What the exercise asks: An exact transcription of all the records is required, minus the images.

Data section Block Start

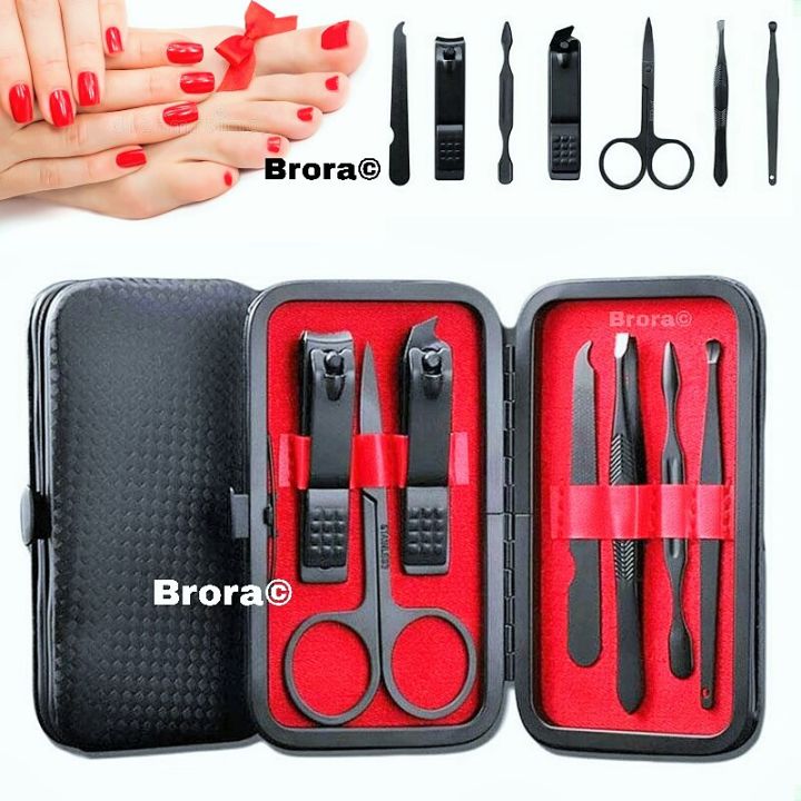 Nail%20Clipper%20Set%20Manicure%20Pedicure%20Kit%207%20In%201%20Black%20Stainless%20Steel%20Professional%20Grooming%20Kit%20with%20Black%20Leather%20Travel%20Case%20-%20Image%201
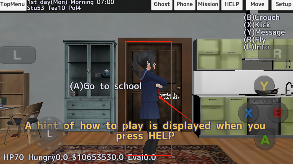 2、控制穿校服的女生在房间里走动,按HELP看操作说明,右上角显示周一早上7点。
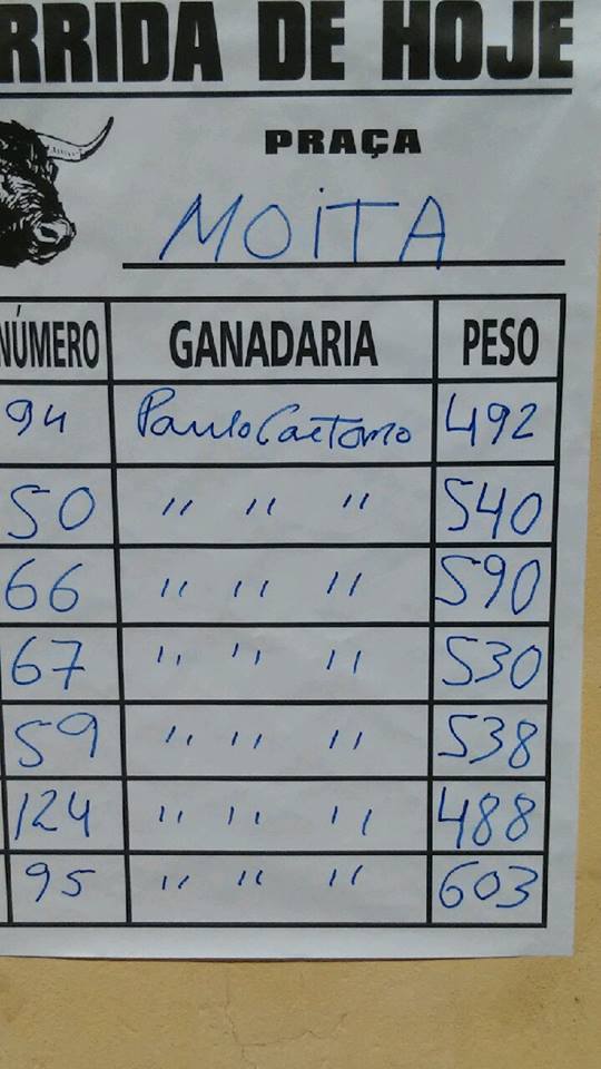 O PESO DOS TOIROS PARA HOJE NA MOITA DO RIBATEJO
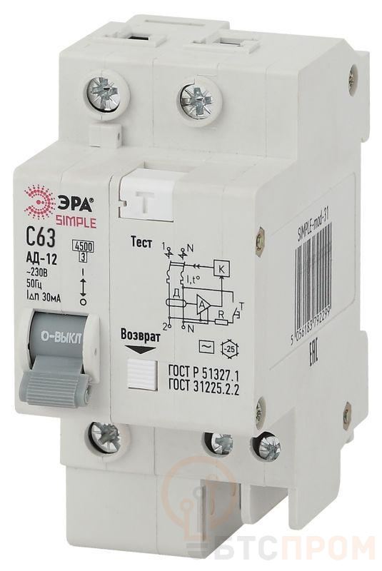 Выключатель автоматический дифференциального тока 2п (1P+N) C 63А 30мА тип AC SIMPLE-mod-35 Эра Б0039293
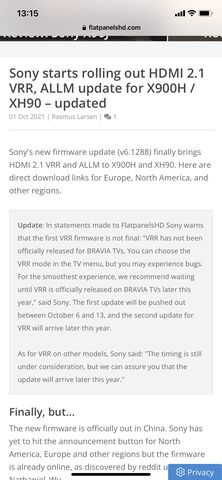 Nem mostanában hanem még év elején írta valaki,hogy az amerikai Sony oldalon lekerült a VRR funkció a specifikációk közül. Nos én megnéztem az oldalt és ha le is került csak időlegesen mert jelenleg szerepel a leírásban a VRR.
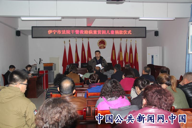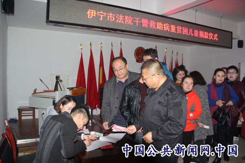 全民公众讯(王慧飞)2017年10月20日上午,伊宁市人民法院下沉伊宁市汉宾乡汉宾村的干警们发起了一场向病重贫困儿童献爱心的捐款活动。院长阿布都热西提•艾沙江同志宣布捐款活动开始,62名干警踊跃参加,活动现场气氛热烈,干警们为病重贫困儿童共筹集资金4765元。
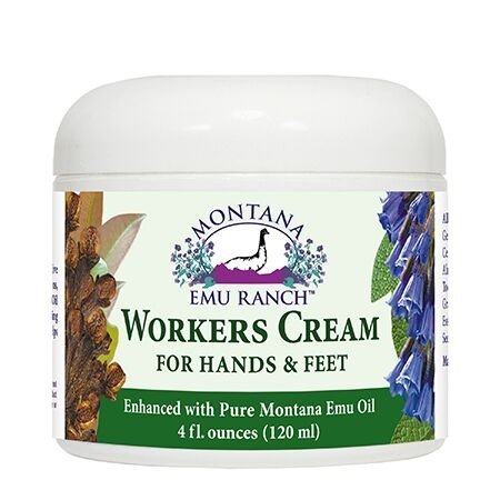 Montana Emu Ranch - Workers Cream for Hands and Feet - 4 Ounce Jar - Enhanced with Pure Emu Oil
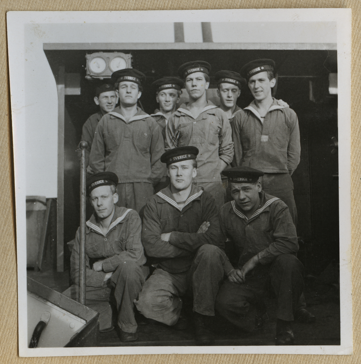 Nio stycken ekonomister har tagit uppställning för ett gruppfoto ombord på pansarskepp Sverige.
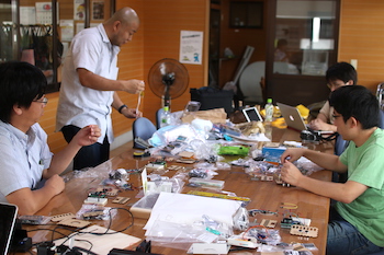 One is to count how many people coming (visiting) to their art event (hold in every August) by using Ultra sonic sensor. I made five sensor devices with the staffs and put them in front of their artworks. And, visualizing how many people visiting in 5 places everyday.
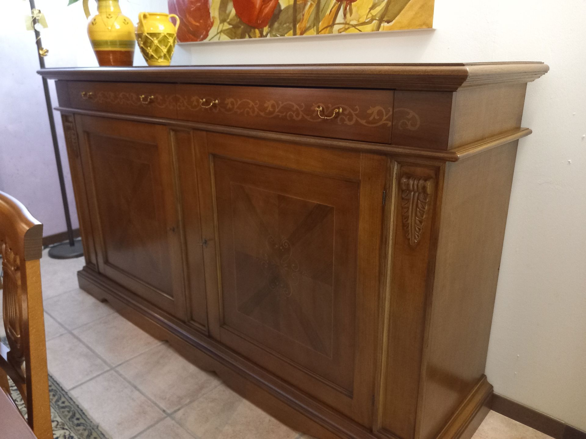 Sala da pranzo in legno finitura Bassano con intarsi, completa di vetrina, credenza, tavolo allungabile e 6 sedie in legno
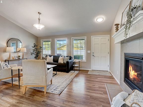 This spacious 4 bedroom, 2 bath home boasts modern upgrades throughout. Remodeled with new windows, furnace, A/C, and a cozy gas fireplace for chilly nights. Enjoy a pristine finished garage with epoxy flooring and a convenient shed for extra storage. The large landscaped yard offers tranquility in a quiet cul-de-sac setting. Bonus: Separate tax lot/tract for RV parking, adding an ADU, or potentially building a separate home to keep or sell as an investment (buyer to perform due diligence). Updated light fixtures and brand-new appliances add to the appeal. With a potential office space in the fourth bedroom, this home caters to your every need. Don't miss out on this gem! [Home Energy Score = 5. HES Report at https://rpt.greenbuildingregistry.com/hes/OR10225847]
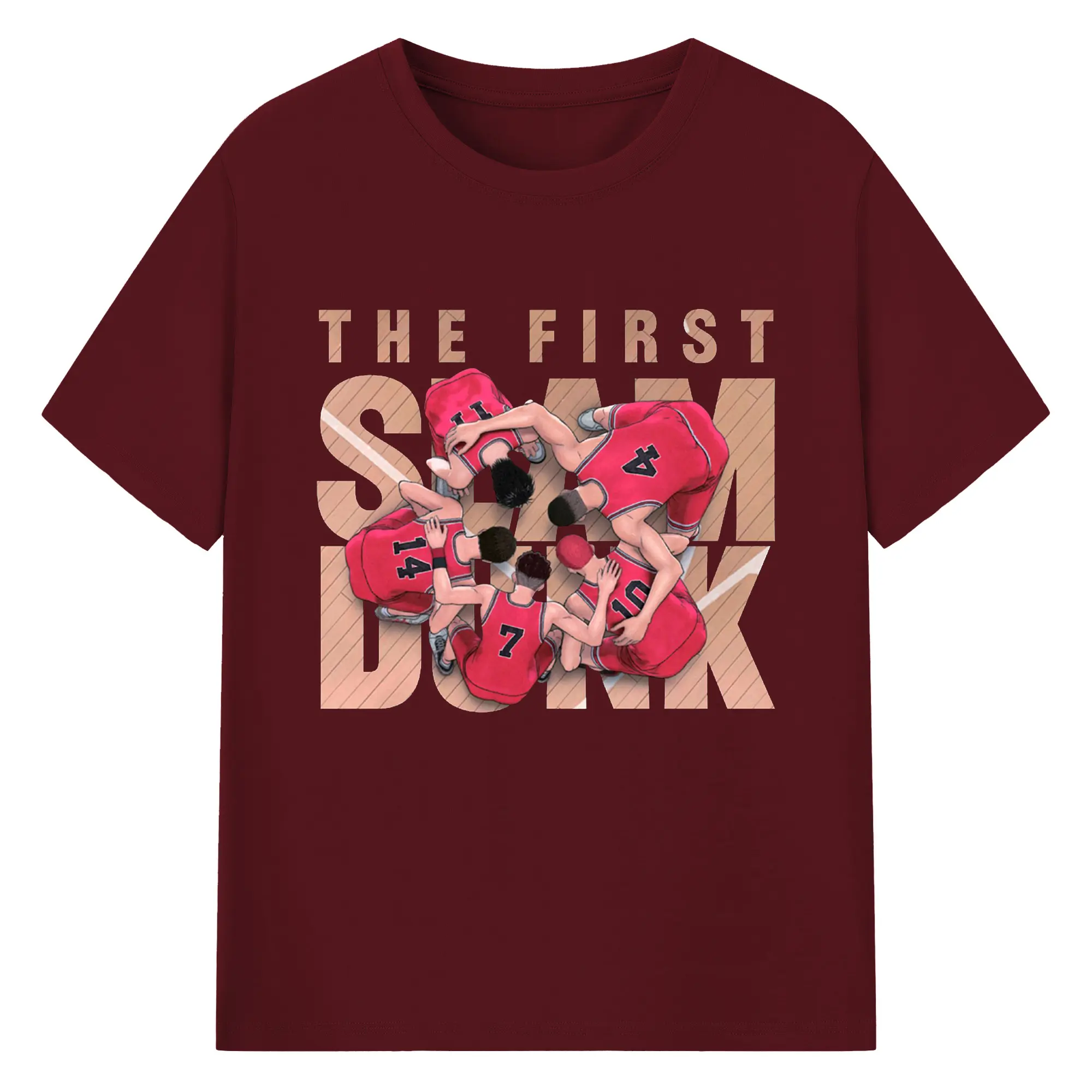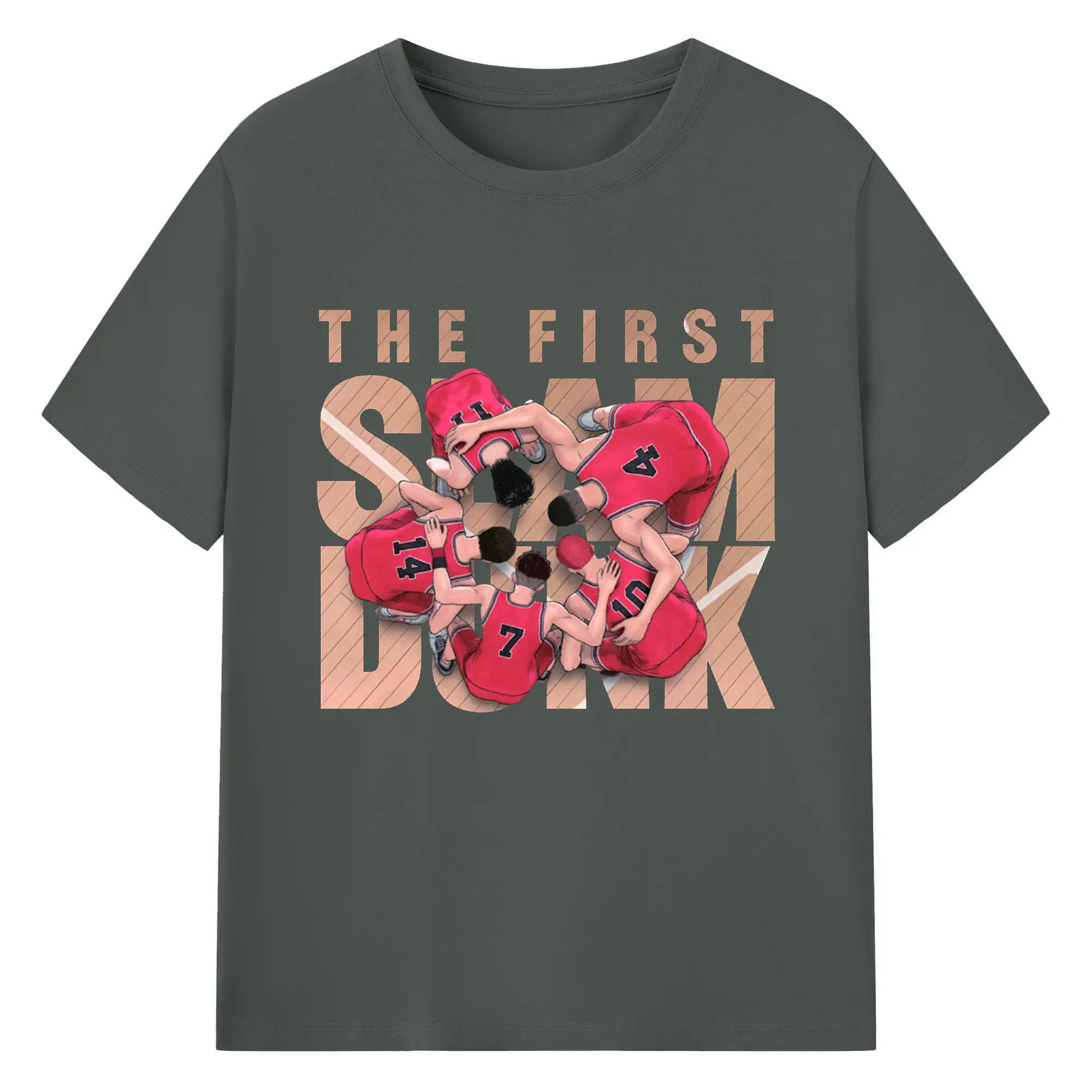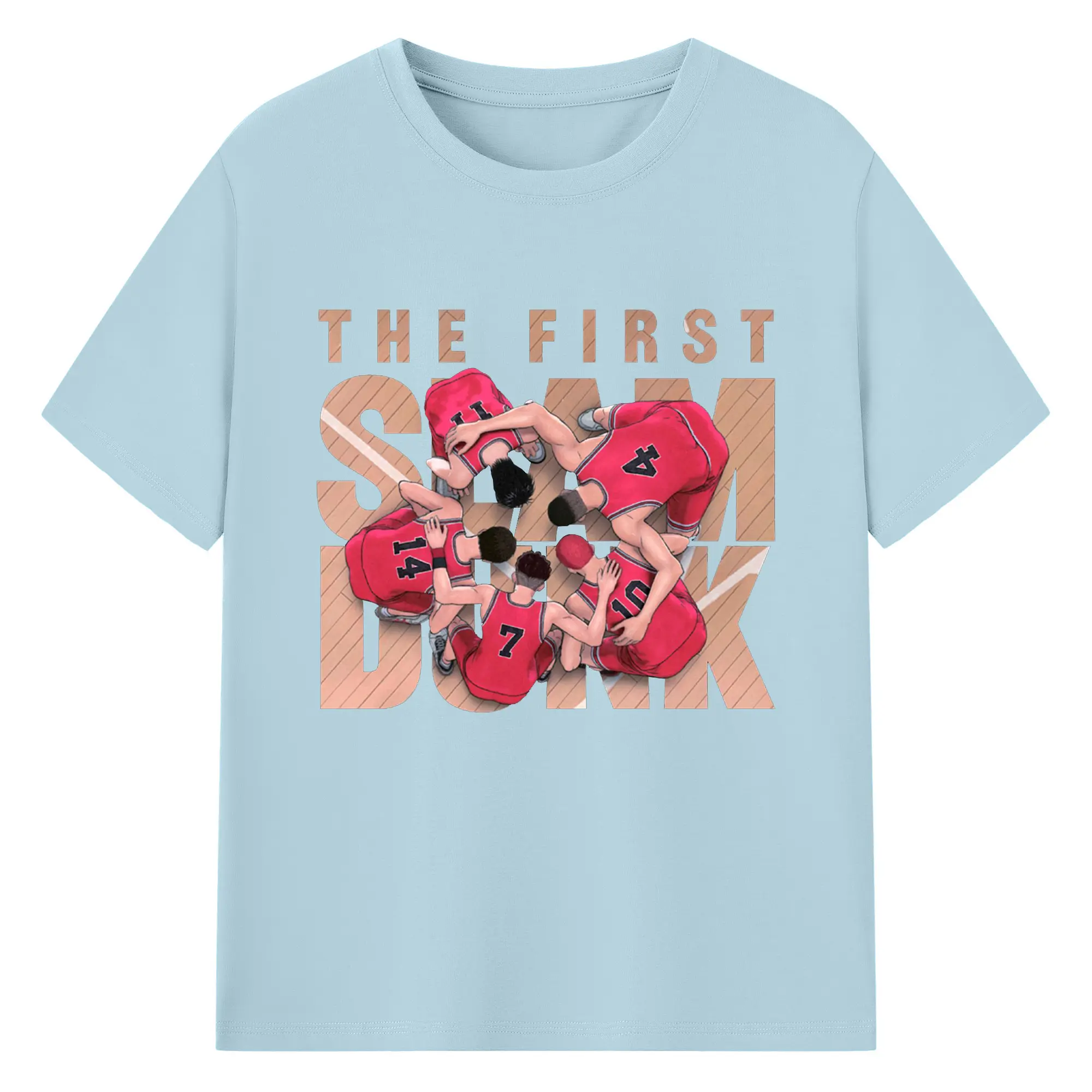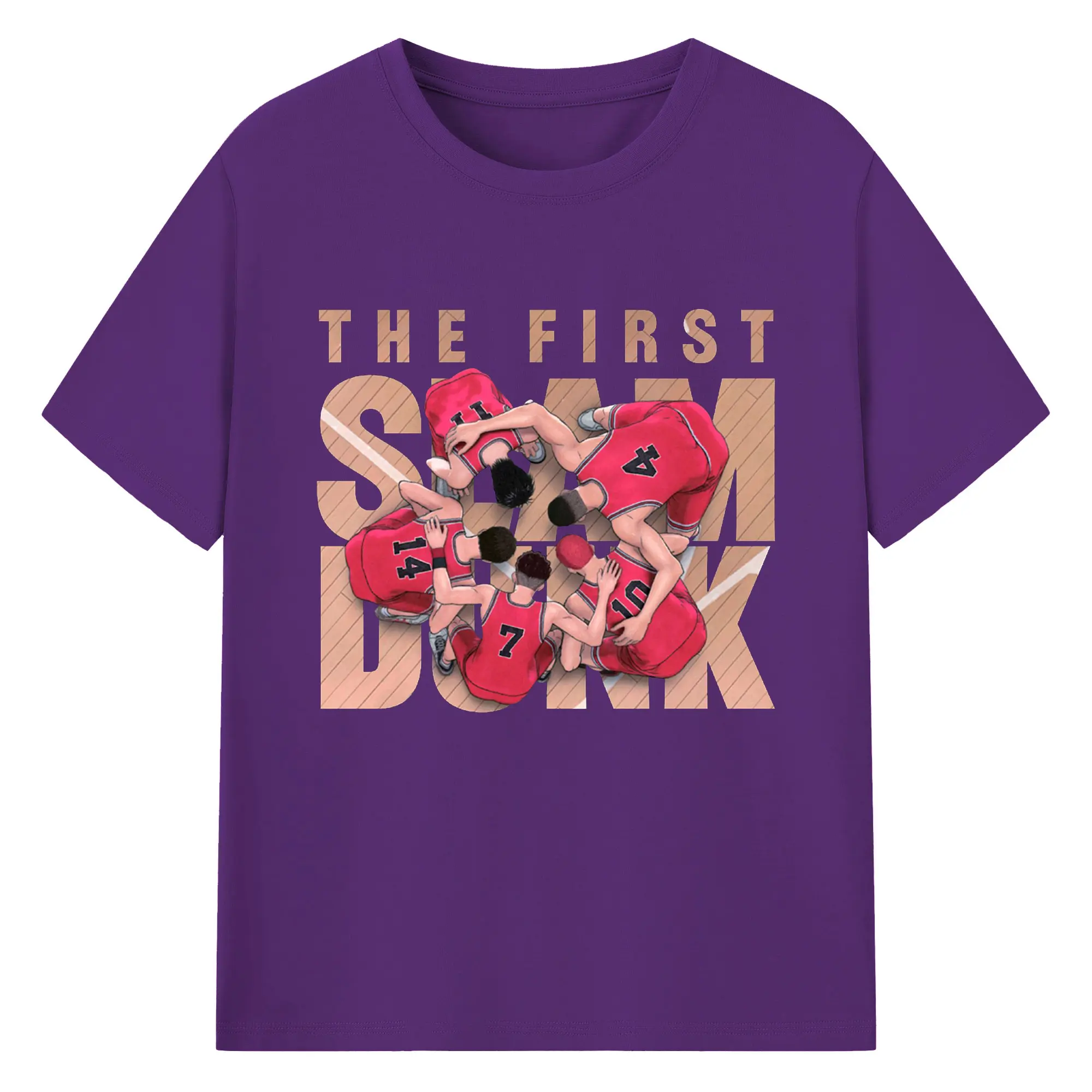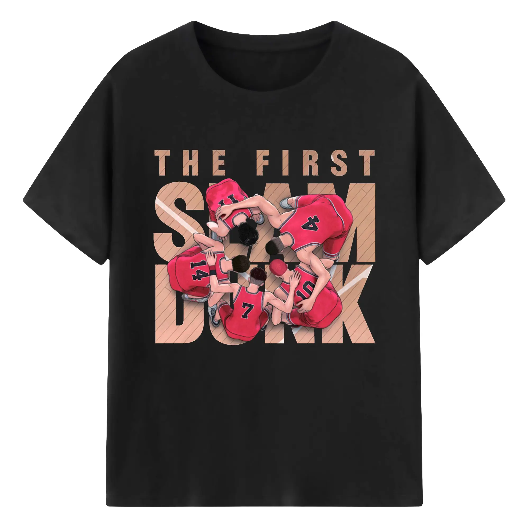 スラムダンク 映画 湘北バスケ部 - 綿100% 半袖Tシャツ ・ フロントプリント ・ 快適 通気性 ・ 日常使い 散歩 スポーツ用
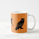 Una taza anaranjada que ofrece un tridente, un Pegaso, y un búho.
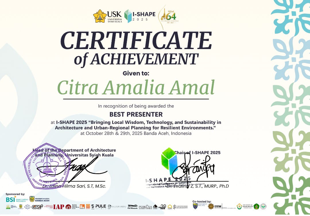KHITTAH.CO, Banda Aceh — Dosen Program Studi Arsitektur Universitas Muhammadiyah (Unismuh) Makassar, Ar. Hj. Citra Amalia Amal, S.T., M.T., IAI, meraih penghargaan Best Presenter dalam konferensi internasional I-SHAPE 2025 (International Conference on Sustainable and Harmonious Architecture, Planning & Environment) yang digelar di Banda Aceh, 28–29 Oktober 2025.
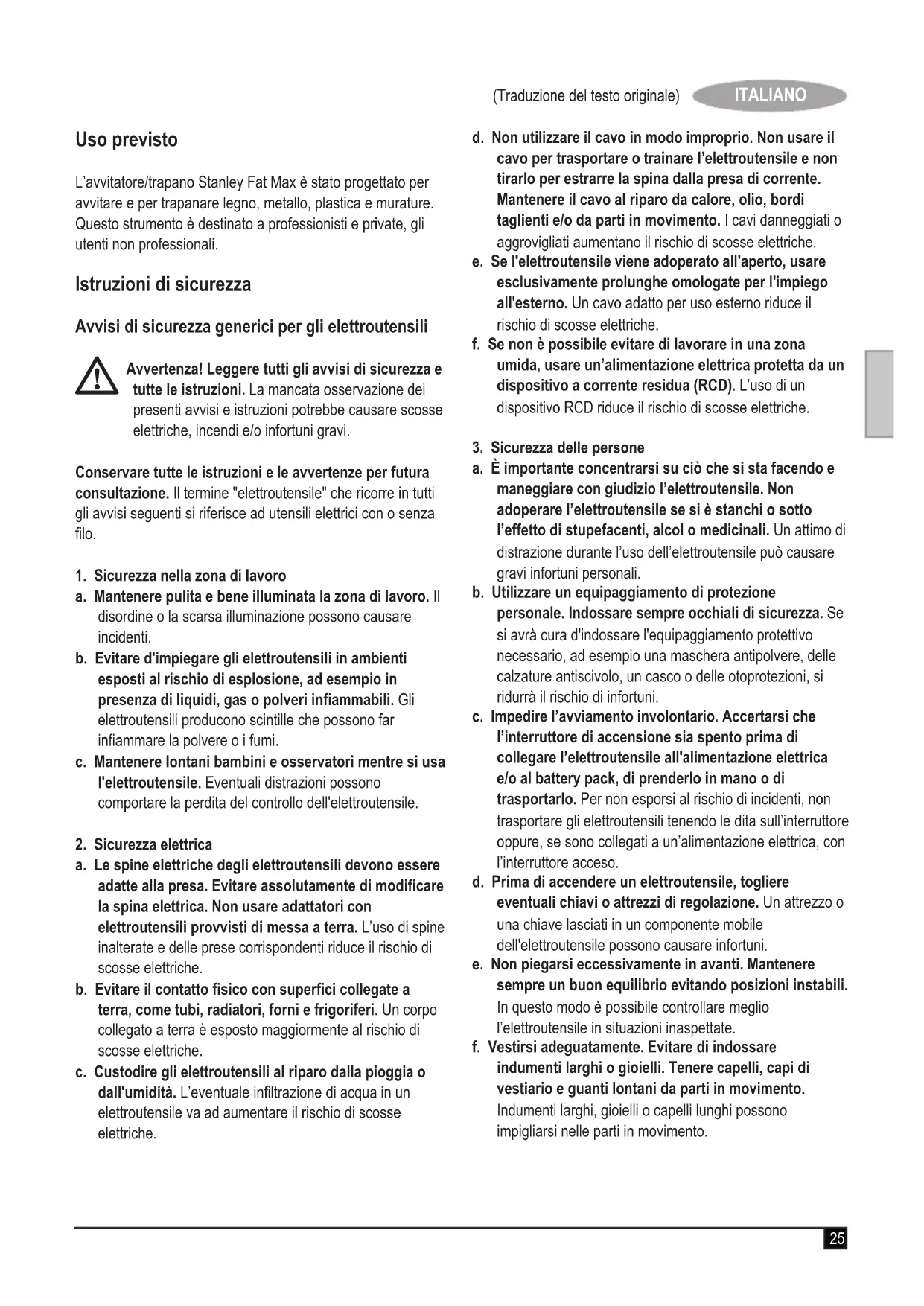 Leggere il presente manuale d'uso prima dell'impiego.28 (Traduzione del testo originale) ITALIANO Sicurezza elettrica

Data section Block End

Result for this exercise:
 Nail%20Clipper%20Set%20Manicure%20Pedicure%20Kit%207%20In%201%20Black%20Stainless%20Steel%20Professional%20Grooming%20Kit%20with%20Black%20Leather%20Travel%20Case%20-%20Image%201
 2、控制穿校服的女生在房间里走动,按HELP看操作说明,右上角显示周一早上7点。
 O PESO DOS TOIROS PARA HOJE NA MOITA DO RIBATEJO
 Выключатель автоматический дифференциального тока 2п (1P+N) C 63А 30мА тип AC SIMPLE-mod-35 Эра Б0039293
 Nem mostanában hanem még év elején írta valaki,hogy az amerikai Sony oldalon lekerült a VRR funkció a specifikációk közül. Nos én megnéztem az oldalt és ha le is került csak időlegesen mert jelenleg szerepel a leírásban a VRR.
 全民公众讯(王慧飞)2017年10月20日上午,伊宁市人民法院下沉伊宁市汉宾乡汉宾村的干警们发起了一场向病重贫困儿童献爱心的捐款活动。院长阿布都热西提•艾沙江同志宣布捐款活动开始,62名干警踊跃参加,活动现场气氛热烈,干警们为病重贫困儿童共筹集资金4765元。
 Montana Emu Ranch - Workers Cream for Hands and Feet - 4 Ounce Jar - Enhanced with Pure Emu Oil
 Nio stycken ekonomister har tagit uppställning för ett gruppfoto ombord på pansarskepp Sverige.
 One is to count how many people coming (visiting) to their art event (hold in every August) by using Ultra sonic sensor. I made five sensor devices with the staffs and put them in front of their artworks. And, visualizing how many people visiting in 5 places everyday.
 Sala da pranzo in legno finitura Bassano con intarsi, completa di vetrina, credenza, tavolo allungabile e 6 sedie in legno
 This spacious 4 bedroom, 2 bath home boasts modern upgrades throughout. Remodeled with new windows, furnace, A/C, and a cozy gas fireplace for chilly nights. Enjoy a pristine finished garage with epoxy flooring and a convenient shed for extra storage. The large landscaped yard offers tranquility in a quiet cul-de-sac setting. Bonus: Separate tax lot/tract for RV parking, adding an ADU, or potentially building a separate home to keep or sell as an investment (buyer to perform due diligence). Updated light fixtures and brand-new appliances add to the appeal. With a potential office space in the fourth bedroom, this home caters to your every need. Don't miss out on this gem! [Home Energy Score = 5. HES Report at https://rpt.greenbuildingregistry.com/hes/OR10225847]
 スラムダンク 映画 湘北バスケ部 - 綿100% 半袖Tシャツ ・ フロントプリント ・ 快適 通気性 ・ 日常使い 散歩 スポーツ用
 Una taza anaranjada que ofrece un tridente, un Pegaso, y un búho.
KHITTAH.CO, Banda Aceh — Dosen Program Studi Arsitektur Universitas Muhammadiyah (Unismuh) Makassar, Ar. Hj. Citra Amalia Amal, S.T., M.T., IAI, meraih penghargaan Best Presenter dalam konferensi internasional I-SHAPE 2025 (International Conference on Sustainable and Harmonious Architecture, Planning & Environment) yang digelar di Banda Aceh, 28–29 Oktober 2025.
 Leggere il presente manuale d'uso prima dell'impiego.28 (Traduzione del testo originale) ITALIANO Sicurezza elettrica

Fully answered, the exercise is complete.